I'm trying to run this example code from a medium article.  The article links the source from the tensorflow.org site and the code between the three versions appears to be the same.  However, when I run the code, it will kill my jupyter notiebook kernel during the training.

Here is the error message:

The kernel appears to have died. It will restart automatically.



Here is the blog with the sample code I'm running.





Here is the section from the blog:

"Then training a Boosted Trees model involves the same process as above:"
 



This is the line which interrupts the kernel:

# The model will stop training once the specified number of trees is built, not 
# based on the number of steps.
est.train(train_input_fn, max_steps=100)




The log for the above cell shows this:

INFO:tensorflow:Calling model_fn.
WARNING:tensorflow:From /home/davis/anaconda3/envs/py3tf2/lib/python3.7/site-packages/tensorflow_core/python/feature_column/feature_column.py:2158: NumericColumn._transform_feature (from tensorflow.python.feature_column.feature_column_v2) is deprecated and will be removed in a future version.
Instructions for updating:
The old _FeatureColumn APIs are being deprecated.

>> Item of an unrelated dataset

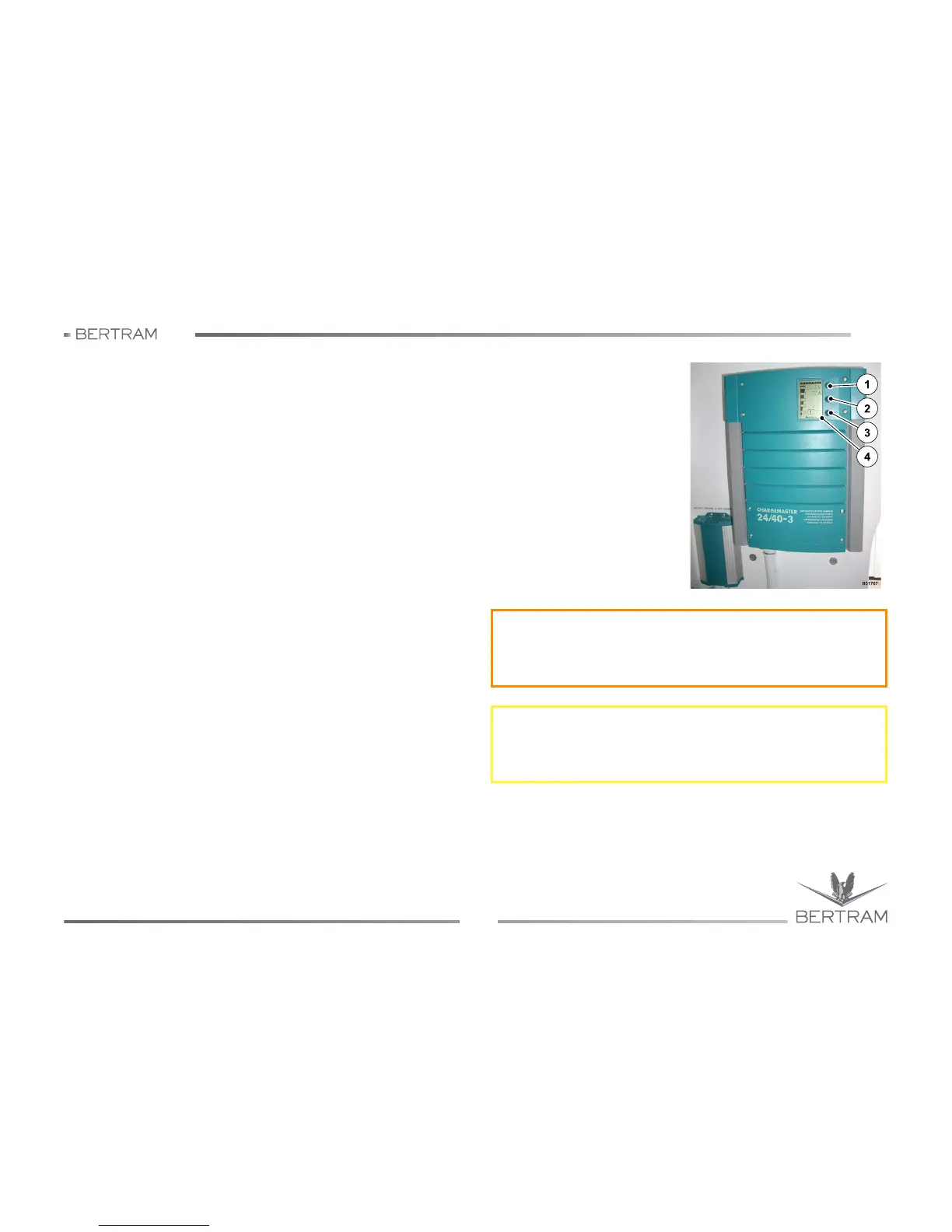 On board of your BERTRAM 540 are located two battery chargers, fully

Please use the new FeatureColumn APIs instead.
WARNING:tensorflow:From /home/davis/anaconda3/envs/py3tf2/lib/python3.7/site-packages/tensorflow_core/python/feature_column/feature_column.py:2158: IndicatorColumn._transform_feature (from tensorflow.python.feature_column.feature_column_v2) is deprecated and will be removed in a future version.
Instructions for updating:
The old _FeatureColumn APIs are being deprecated. Please use the new FeatureColumn APIs instead.
WARNING:tensorflow:From /home/davis/anaconda3/envs/py3tf2/lib/python3.7/site-packages/tensorflow_core/python/feature_column/feature_column_v2.py:4302: VocabularyListCategoricalColumn._get_sparse_tensors (from tensorflow.python.feature_column.feature_column_v2) is deprecated and will be removed in a future version.
Instructions for updating:
The old _FeatureColumn APIs are being deprecated. Please use the new FeatureColumn APIs instead.
WARNING:tensorflow:From /home/davis/anaconda3/envs/py3tf2/lib/python3.7/site-packages/tensorflow_core/python/feature_column/feature_column.py:2158: VocabularyListCategoricalColumn._transform_feature (from tensorflow.python.feature_column.feature_column_v2) is deprecated and will be removed in a future version.
Instructions for updating:
The old _FeatureColumn APIs are being deprecated. Please use the new FeatureColumn APIs instead.
WARNING:tensorflow:From /home/davis/anaconda3/envs/py3tf2/lib/python3.7/site-packages/tensorflow_estimator/python/estimator/canned/boosted_trees.py:161: to_int32 (from tensorflow.python.ops.math_ops) is deprecated and will be removed in a future version.
Instructions for updating:
Use `tf.cast` instead.
INFO:tensorflow:Done calling model_fn.
INFO:tensorflow:Create CheckpointSaverHook.
WARNING:tensorflow:Issue encountered when serializing resources.
Type is unsupported, or the types of the items don't match field type in CollectionDef. Note this is a warning and probably safe to ignore.
'_Resource' object has no attribute 'name'
INFO:tensorflow:Graph was finalized.
INFO:tensorflow:Running local_init_op.
INFO:tensorflow:Done running local_init_op.
WARNING:tensorflow:Issue encountered when serializing resources.
Type is unsupported, or the types of the items don't match field type in CollectionDef. Note this is a warning and probably safe to ignore.
'_Resource' object has no attribute 'name'
INFO:tensorflow:Saving checkpoints for 0 into /tmp/tmpsjioltem/model.ckpt.
WARNING:tensorflow:Issue encountered when serializing resources.
Type is unsupported, or the types of the items don't match field type in CollectionDef. Note this is a warning and probably safe to ignore.
'_Resource' object has no attribute 'name'
INFO:tensorflow:loss = 0.6931468, step = 0
WARNING:tensorflow:It seems that global step (tf.train.get_global_step) has not been increased. Current value (could be stable): 0 vs previous value: 0. You could increase the global step by passing tf.train.get_global_step() to Optimizer.apply_gradients or Optimizer.minimize.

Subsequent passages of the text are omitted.